Download or read book Historical Dictionary of the Beat Movement written by Paul Varner and published by Scarecrow Press. This book was released on 2012 with total page 395 pages. Available in PDF, EPUB and Kindle. Book excerpt: The Beat Movement was one of the most radical and innovative literary and arts movements of the 20th century, and the history of the Beat Movement is still being written in the early years of the 21st century. Unlike other kinds of literary and artistic movements, the Beat Movement is self-perpetuating. After the 1950s generation, headlined by Jack Kerouac, Allen Ginsberg, and William S. Burroughs, a new generation arose in the 1960s led by writers such as Diane Wakoski, Anne Waldman, and poets from the East Side Scene. In the 1970s and 1980s writers from the Poetry Project at St. Mark's Church and contributors to World magazine continued the movement. The 1980s and 1990s Language Movement saw itself as an outgrowth and progression of previous Beat aesthetics. Today poets and writers in San Francisco still gather at City Lights Bookstore and in Boulder at the Jack Kerouac School of Disembodied Poetics and continue the movement. It is now a postmodern movement and probably would be unrecognizable to the earliest Beats. It may even be in the process of finally shedding the name Beat. But the Movement continues. The Historical Dictionary of the Beat Movement covers the movement's history through a chronology, an introductory essay, and an extensive bibliography. The dictionary section has over 700 cross-referenced entries on significant people, themes, critical issues, and the most significant novels, poems, and volumes of poetry and prose that have formed the Beat canon. This book is an excellent access point for students, researchers, and anyone wanting to know more about the Beat Movement.

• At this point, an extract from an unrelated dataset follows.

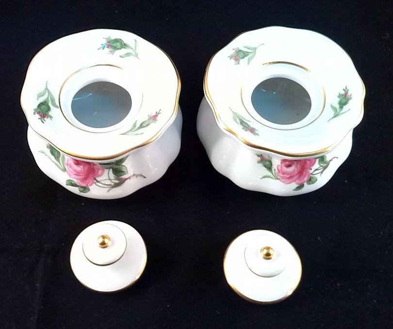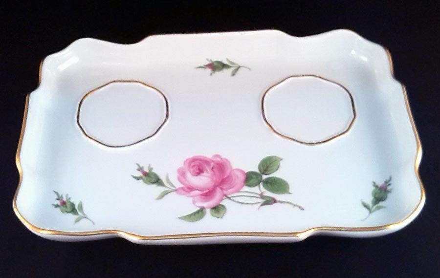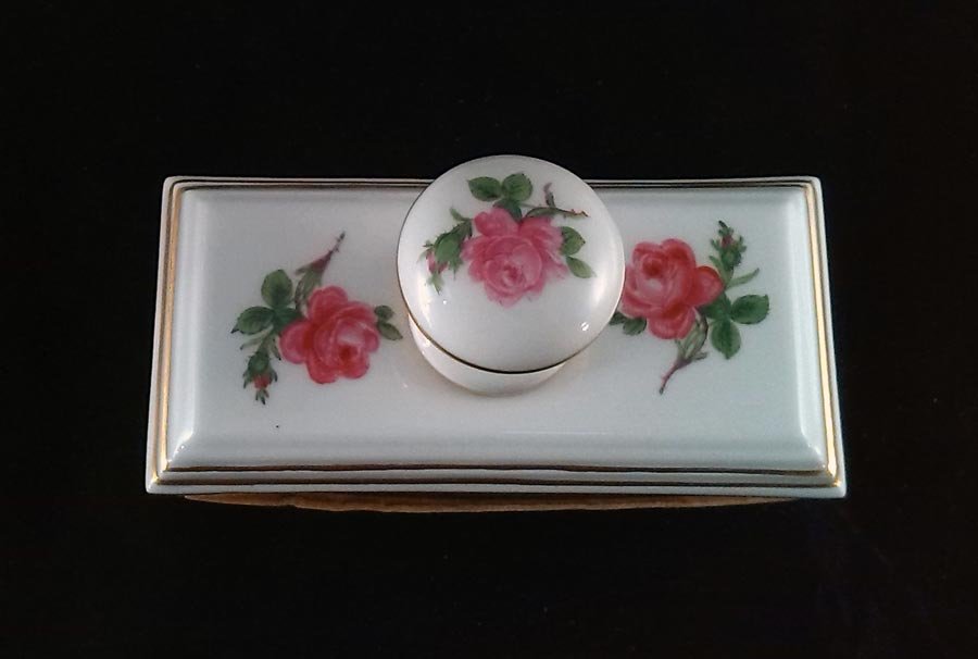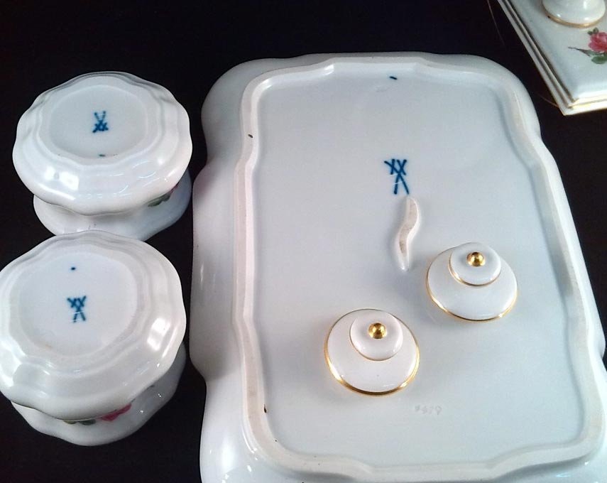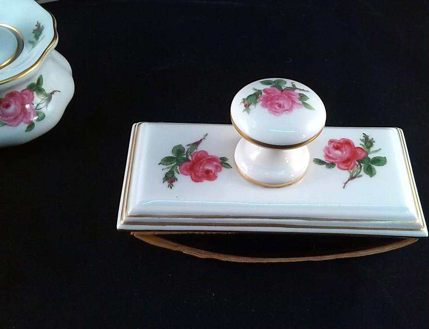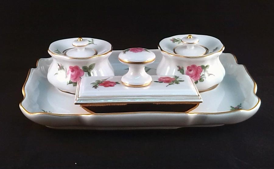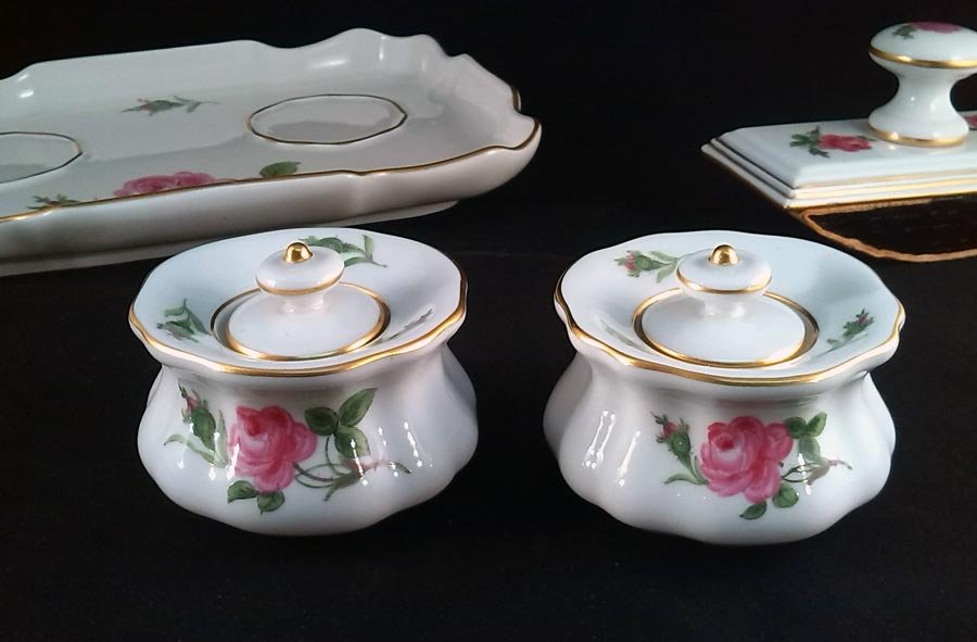 Manufaktur Meissen, Rote Rose mit Gold, Schreibset bestehend aus Stiftschale, 2 Tintenfässchen und Löschwiege.

Download or read book A Companion to American Poetry written by Mary McAleer Balkun and published by John Wiley & Sons. This book was released on 2022-04-11 with total page 532 pages. Available in PDF, EPUB and Kindle. Book excerpt: A COMPANION TO AMERICAN POETRY A Companion to American Poetry brings together original essays by both established scholars and emerging critical voices to explore the latest topics and debates in American poetry and its study. Highlighting the diverse nature of poetic practice and scholarship, this comprehensive volume addresses a broad range of individual poets, movements, genres, and concepts from the seventeenth century to the present day. Organized thematically, the Companion’s thirty-seven chapters address a variety of emerging trends in American poetry, providing historical context and new perspectives on topics such as poetics and identity, poetry and the arts, early and late experimentalisms, poetry and the transcendent, transnational poetics, poetry of engagement, poetry in cinema and popular music, Queer and Trans poetics, poetry and politics in the 21st century, and African American, Asian American, Latinx, and Indigenous poetries. Both a nuanced survey of American poetry and a catalyst for future scholarship, A Companion to American Poetry is essential reading for advanced undergraduate and graduate students, academic researchers and scholars, and general readers with interest in current trends in American poetry.